EXERCISE DESCRIPTION:
Look below for the line with "Owsica daje typowe". Retype it and every line after it to the end, exactly, but leave out the pictures.

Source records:
########

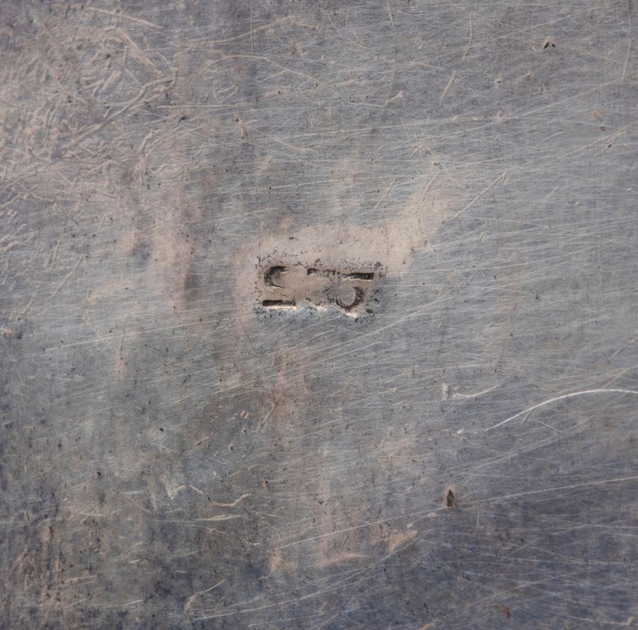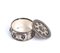 Altezza x diametro: 2x5,5 cm. Peso: 78 gr. di forma rotonda con coperchio ad innesto. Il corpo è ornato da delicati motivi a rilievo, eseguiti con una fine punteggiatura che compone fiorellini stilizzati.
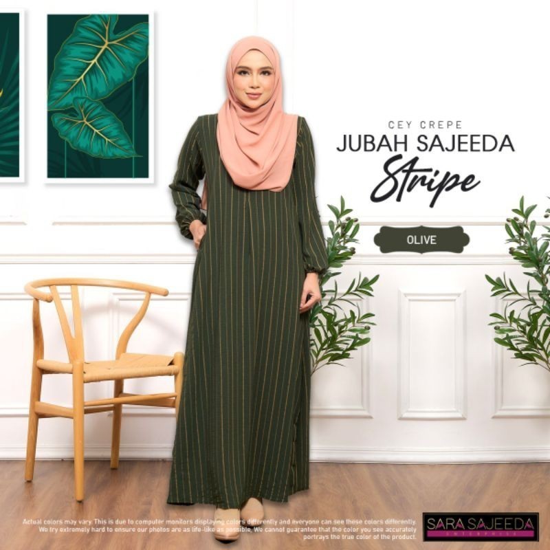 Jubah Viral Stripe Sajeeda Plus Size 2026- Ironless & Bergetah Fashio Muslimah
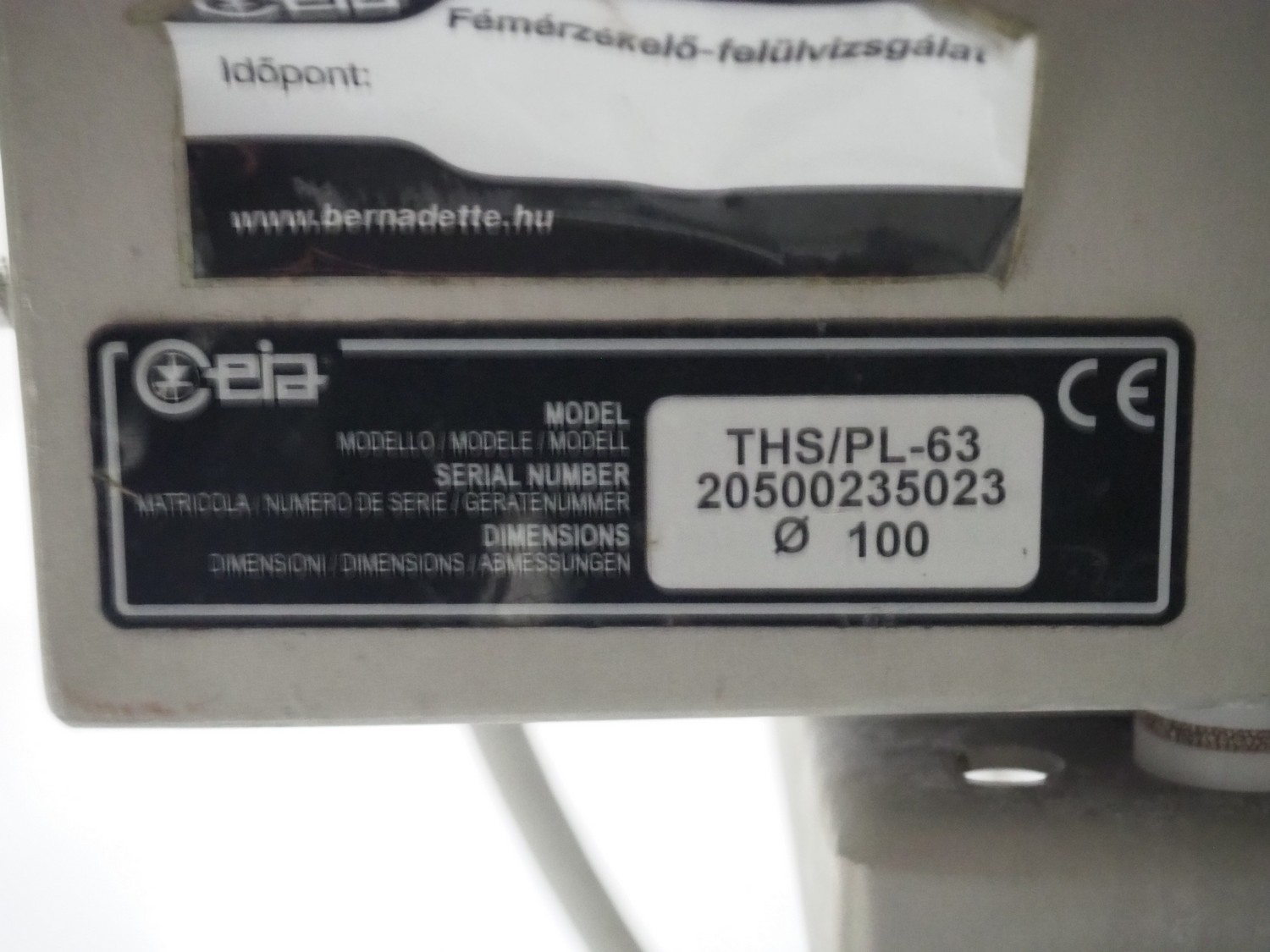 Ceia S.p.A. mobile pipe line metal detector, model: THS/PL-63, serial number: 20500235023, clearance: Ø 100, total dimensions: 600 mm x 400 mm x 1350 mm. Incomplete, technical condition unknown.
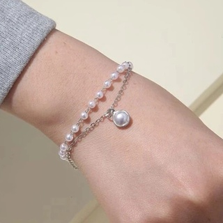 Vòng Tay Hai Lớp Đính Ngọc Trai Nhân Tạo Thời Trang Hàn Quốc
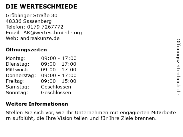 | Öffnungszeiten DIE WERTESCHMIEDE in Sassenberg anzeigen | |
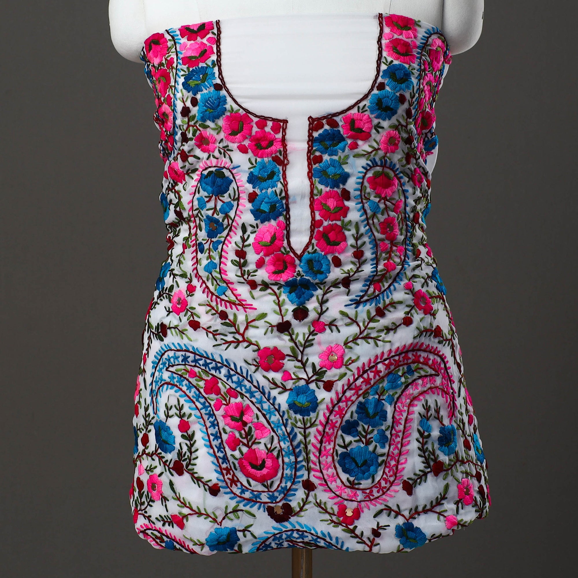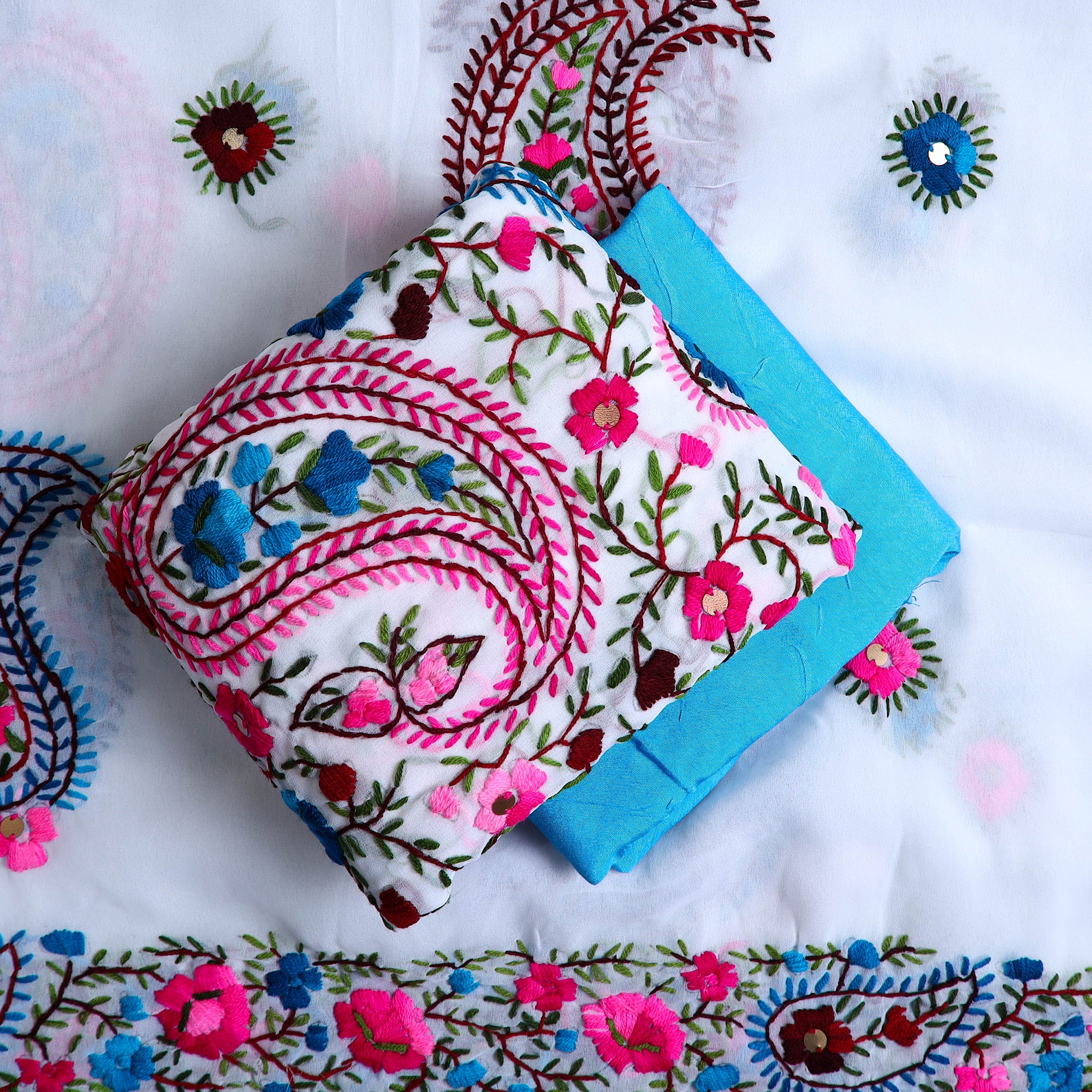 Indulge in the beauty with this multicolor 3-piece hand embroidery georgette phulkari dress material set. It is made using chhapawork. Phulkari, meaning "flower" and "kari," meaning craft, is a traditional embroidery art from Punjab, India. It uses floral motifs and is done with woolen threads.
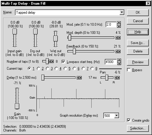 Опция Delay time (Время задержки) определяет промежуток времени между оригинальным звуком и копией с задержкой. Кроме того, если установлен флажок Multiple delays/echoes, эхо отображается на экране с интервалами, определенными в поле Delay time.
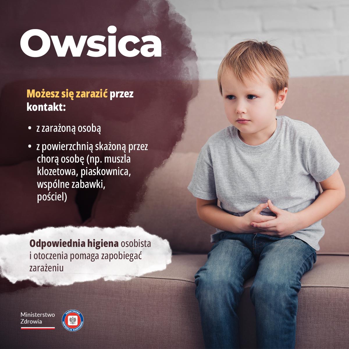 Owsica daje typowe objawy: świąd, więc i drapanie okolicy odbytu, bardziej nasilone w nocy. Może się to wiązać z bezsennością, a przez to rozdrażnieniem (z niewyspania) w dzień. Dodatkowo drapanie sprzyja zakażeniu skóry w tej okolicy (zaczerwienienie, ból, treść ropna), co łatwo zauważyć.
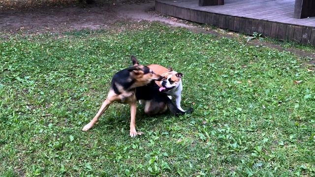 Английский бульдог Черри следит за безопасностью игры.
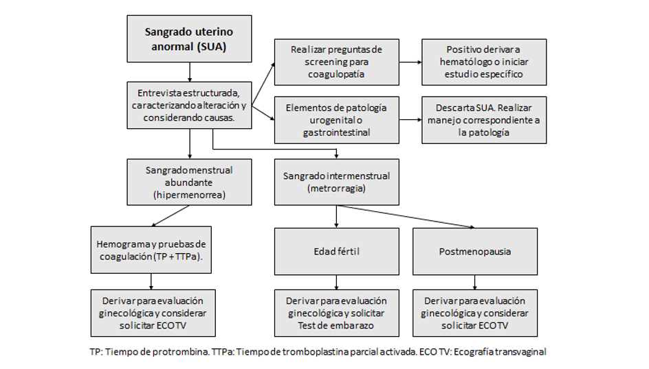 El estudio inicial luego de la entrevista y examen físico general debe incluir la realización de examen físico ginecológico adecuado, además de considerar exámenes como hemograma y pruebas de coagulación en sangrado menstrual abundante, prueba de embarazo y papanicolaou (si no está vigente) en mujer en edad fértil y ecografía transvaginal en mujer postmenopáusica o con sospecha de patología estructural.
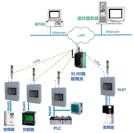 XL90物聯(lián)網(wǎng)關作為無線接收端,進行協(xié)議轉換,數(shù)據(jù)轉發(fā)。

########

PROBLEM SOLUTION:
 Owsica daje typowe objawy: świąd, więc i drapanie okolicy odbytu, bardziej nasilone w nocy. Może się to wiązać z bezsennością, a przez to rozdrażnieniem (z niewyspania) w dzień. Dodatkowo drapanie sprzyja zakażeniu skóry w tej okolicy (zaczerwienienie, ból, treść ropna), co łatwo zauważyć.
 Английский бульдог Черри следит за безопасностью игры.
 El estudio inicial luego de la entrevista y examen físico general debe incluir la realización de examen físico ginecológico adecuado, además de considerar exámenes como hemograma y pruebas de coagulación en sangrado menstrual abundante, prueba de embarazo y papanicolaou (si no está vigente) en mujer en edad fértil y ecografía transvaginal en mujer postmenopáusica o con sospecha de patología estructural.
 XL90物聯(lián)網(wǎng)關作為無線接收端,進行協(xié)議轉換,數(shù)據(jù)轉發(fā)。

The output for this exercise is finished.